* Requirement *
When the line containing "all contents unlocked." is found in the data below, copy it and each line after it through the line containing "今まで保険証は月初めのみの提", exactly and with no others.

* Dataset content *
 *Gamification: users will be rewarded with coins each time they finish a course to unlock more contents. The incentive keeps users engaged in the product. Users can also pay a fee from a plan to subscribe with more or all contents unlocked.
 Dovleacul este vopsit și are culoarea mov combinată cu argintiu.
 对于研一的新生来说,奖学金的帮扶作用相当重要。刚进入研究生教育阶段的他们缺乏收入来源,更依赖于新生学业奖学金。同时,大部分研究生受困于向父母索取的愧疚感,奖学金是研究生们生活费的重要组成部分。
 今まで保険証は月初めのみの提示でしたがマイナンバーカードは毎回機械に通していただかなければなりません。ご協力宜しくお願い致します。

--

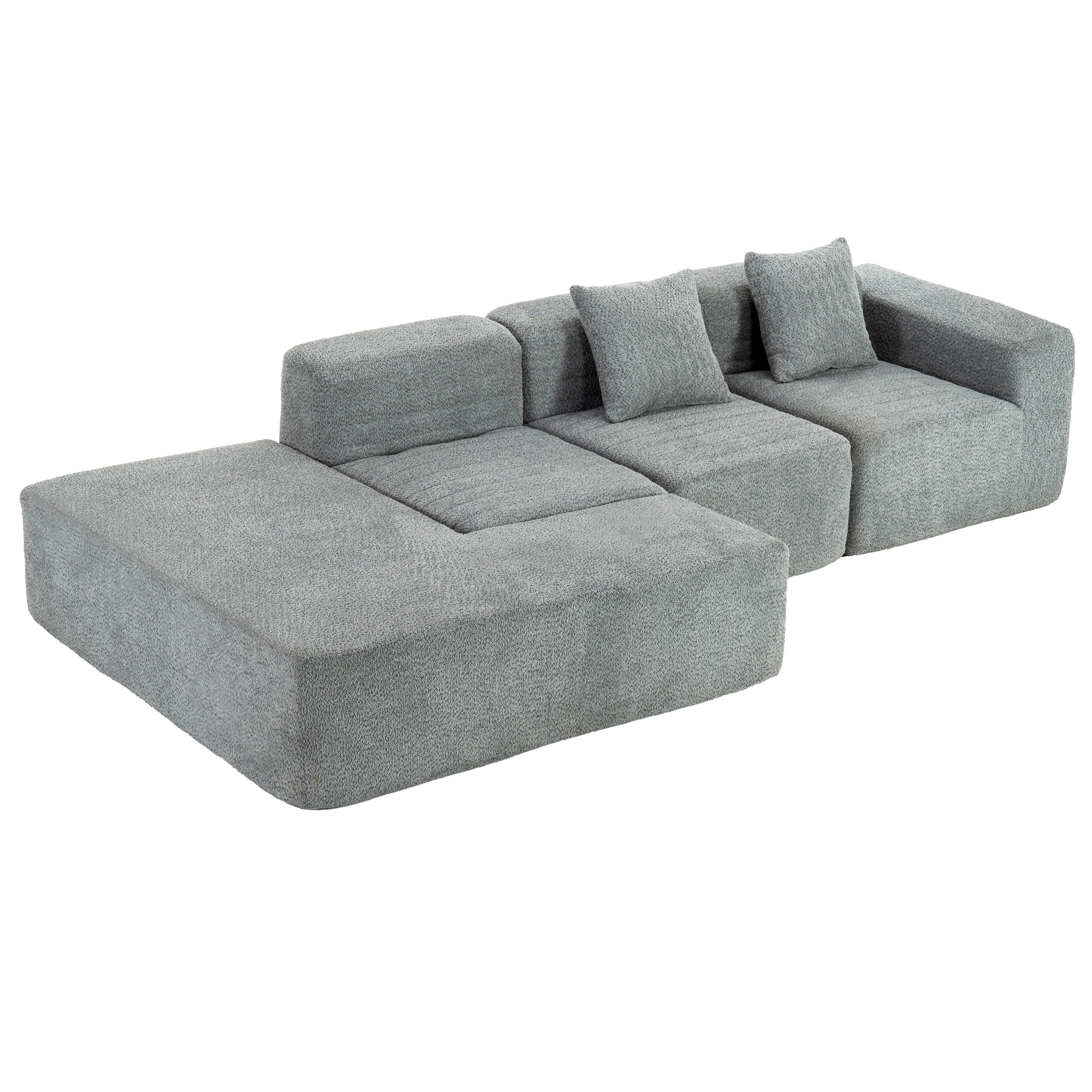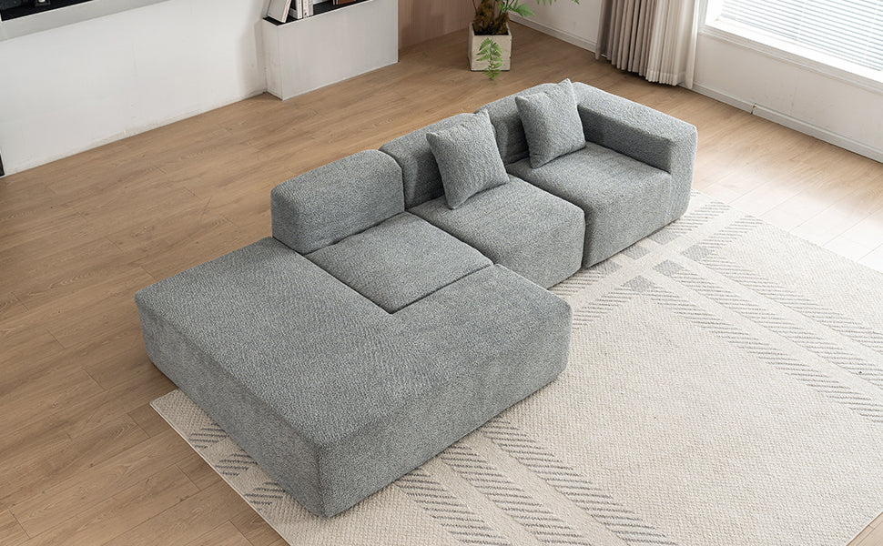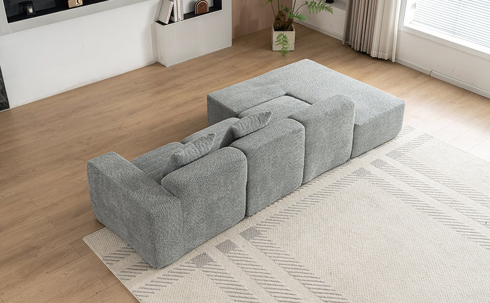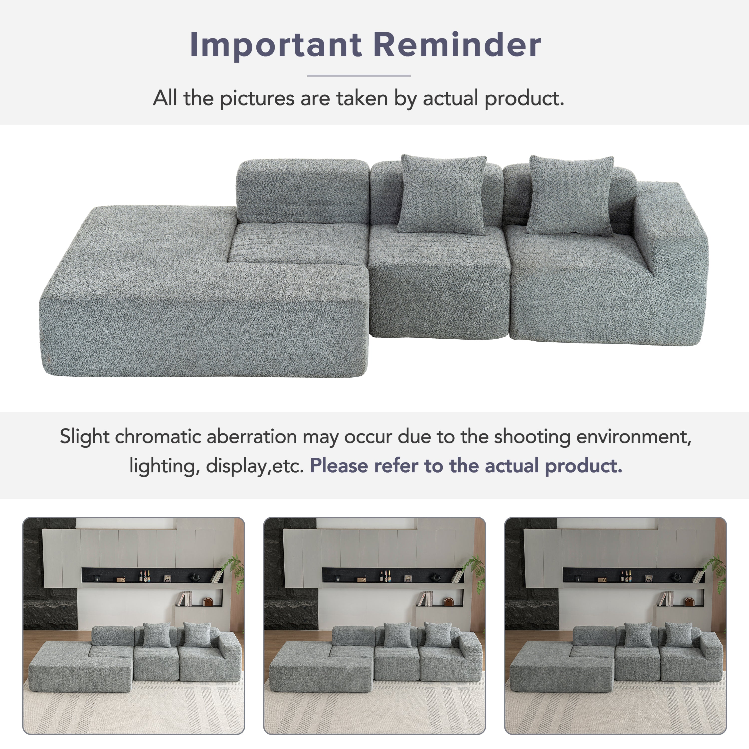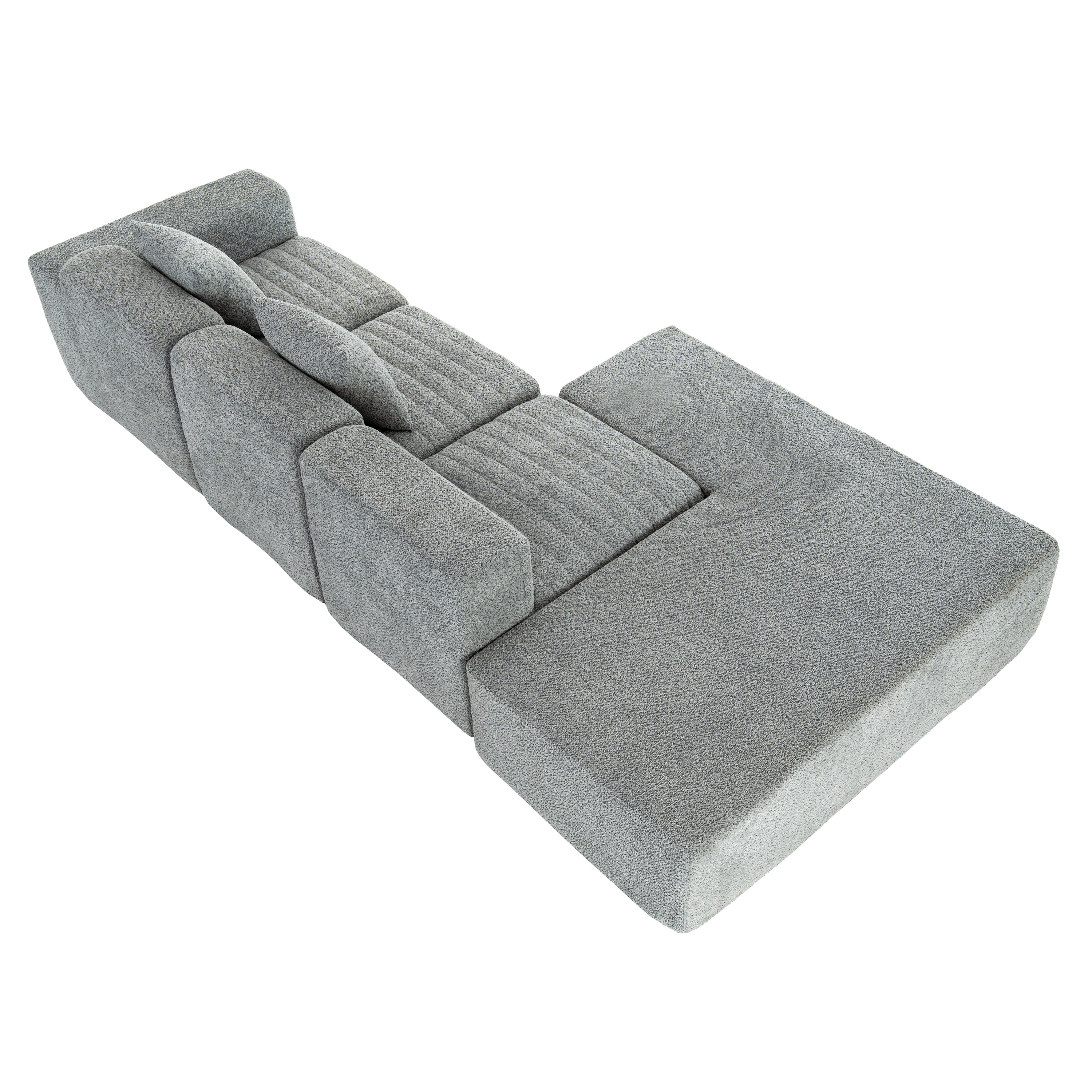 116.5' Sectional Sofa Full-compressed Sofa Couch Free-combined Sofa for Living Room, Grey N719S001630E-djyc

* Answer to this problem *
 *Gamification: users will be rewarded with coins each time they finish a course to unlock more contents. The incentive keeps users engaged in the product. Users can also pay a fee from a plan to subscribe with more or all contents unlocked.
 Dovleacul este vopsit și are culoarea mov combinată cu argintiu.
 对于研一的新生来说,奖学金的帮扶作用相当重要。刚进入研究生教育阶段的他们缺乏收入来源,更依赖于新生学业奖学金。同时,大部分研究生受困于向父母索取的愧疚感,奖学金是研究生们生活费的重要组成部分。
 今まで保険証は月初めのみの提示でしたがマイナンバーカードは毎回機械に通していただかなければなりません。ご協力宜しくお願い致します。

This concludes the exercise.